For this, we evaluated the new design against our existing system and features and made decisions to ensure the design is not blocking other experiences. An important piece to this solution, was not blocking the user from processing payroll or cause friction in their existing workflow.
User testing: uncovering user needs for guardrails, speed bumps, notifications!
We tested our prototyped mocks with 10 users, in both moderated and unmoderated tests. The user feedback was positive and promising. users understood how the system worked and had no issues with the system logic. They asked for additional features to go with this experience, which highlighted the importance of creating friendly user experiences, by setting guardrails, reminders and permissions.
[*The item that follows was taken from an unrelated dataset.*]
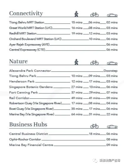 休闲方面,公寓出门就是亚力山大公园连接道,通过这个连接道可以直接通往滨海湾,新加坡河畔的罗波申码头和克拉码头。

1. How do I enforce this to my employees? make sure they respond before the payroll pay period ends?
2. Can we make sure employees don't dispute without a note or don't send nonsense notes about their punches that needs follow-up?
3. An audit trail of all the punch edits, and employee inputs is critical! It should come in the form of a printable report.
4. Managers/admins want this to be behind a setting based on different locations.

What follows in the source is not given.